I am currently trying to get my head around some things concerning parametric bootstrap. Most things are probably trivial but I still think I may have missed something.
Suppose I want to get confidence intervals for data using a parametric bootstrap procedure.
So I have this sample and I assume its normally distributed. I would then estimate variance $\hat{v}$ and mean $\hat{m}$ and get my distribution estimate $\hat{P}$, which is obviously just $N(\hat{m},\hat{v})$.
Instead of sampling from that distribution I could just calculate the quantiles analytically and be done.
a) I conclude: in this trivial case, the parametric bootstrap would be the same as calculating things in a normal-distribution-assumption?
So theoretically this would be the case for all parametric bootstrap models, as long as I can handle the calculations.
b) I conclude: using the assumption of a certain distribution will bring me extra accuracy in the parametric bootstrap over the nonparametric one (if it is correct of course). But other than that, I just do it because I can't handle the analytic calculations und try to simulate my way out of it?
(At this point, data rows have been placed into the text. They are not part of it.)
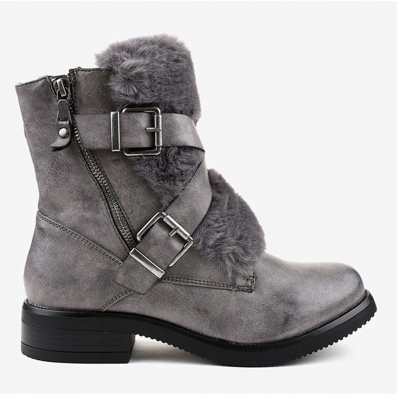Inna marka Gray flat boots with fur 1061A-PA grey
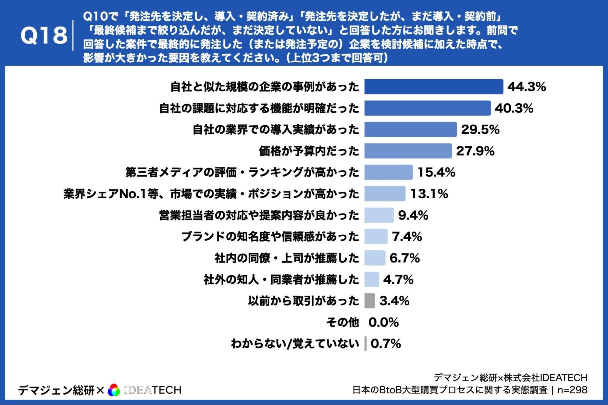 「Q18. Q10で「発注先を決定し、導入・契約済み」「発注先を決定したが、まだ導入・契約前」「最終候補まで絞り込んだが、まだ決定していない」と回答した方にお聞きします。前問で回答した案件で最終的に発注した(または発注予定の)企業を、検討候補に加えた時点で、影響が大きかった要因を教えてください。(上位3つまで回答可)」(n=298)と質問したところ、「自社と似た規模の企業の事例があった」が44.3%、「自社の課題に対応する機能が明確だった」が40.3%、「自社の業界での導入実績があった」が29.5%という回答となりました。
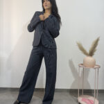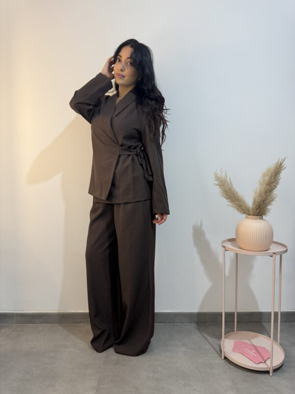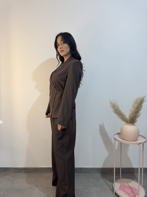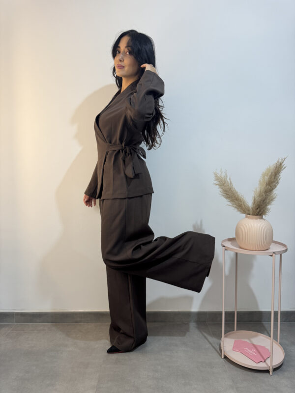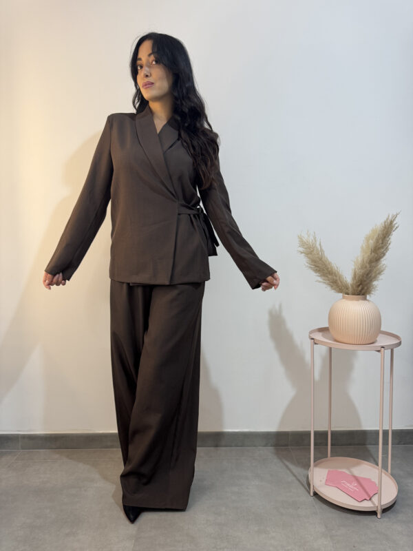 Tailleur marrone composto da giacca con chiusura a portafoglio e pantalone largo con tasche.

c) I would also use it if the calculations are "usually" done using some approximation because this would perhaps give me more accuracy...?
To me, the benefit of the (nonparametric) bootstrap seemed to lie in the fact that I don't need to assume any distribution. For the parametric bootstrap that advantage is gone - or are there things I've missed and where the parametric bootstrap provides a benefit over the things mentioned above?